There are still other concerns. The foundation’s 2009 return is still the most recent tax document available. It shows that 36 percent of foundation expenditures went to administration and fundraising, and 64 percent to programming. For a non-profit, the industry rule of thumb is that no more than 35 percent must be spent on administration and fundraising. More than that, and all sorts of red flags go up for potential donors.
“Our calculations confirm yours,” says Miniutti. “And we've found that most of the charities we rate spend at least 75 percent of their budgets on programs/services with only the remaining 25 percent spent on administrative and fundraising costs. So, this charity is less efficient than most of the charities we rate.”
How that assessment might change with the foundation taking on even more administrative responsibilities remains to be seen.
Meanwhile, “Things are very tight, but we have a plan to rectify that over time,” says Carto. “Overture has played it close to the bone because there is no reserve under us at the moment. But the debt is gone. Now the plan, going forward, is to rebuild that reserve. We have budgeted surpluses, and will be budgeting surpluses for the next five years to increase that reserve.”

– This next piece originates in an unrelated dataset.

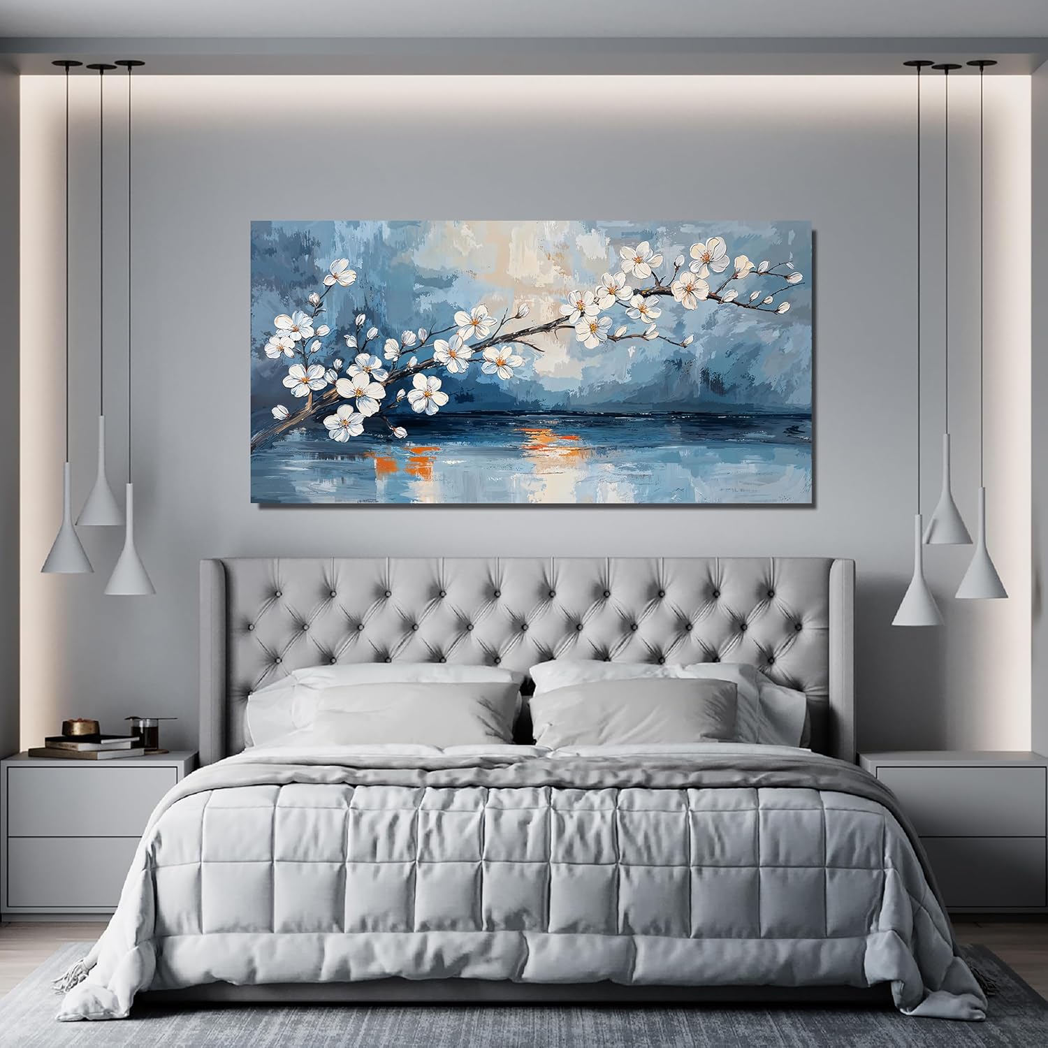 Canvas Wall Art Decor Vintage Coastal Wall Art Decorations White Flower Wall Art Prints Wall Art Pictures for Living Room Canvas Art Wall Decor Sunset Artwork for Walls Bedroom Office Decor 20" X 40"

And Janet Piraino, foundation vice president of advancement, says fundraising is going very well. “We are poised to break $1 million in pledges so far this fiscal year,” says Piraino, a former chief of staff to previous Mayor Dave Cieslewicz.
As for the 2010 tax return, “It’s in process right now,” says Hughes. “I think if anything, what I can assure you is that, going forward, this is all going to be done on a more timely basis.”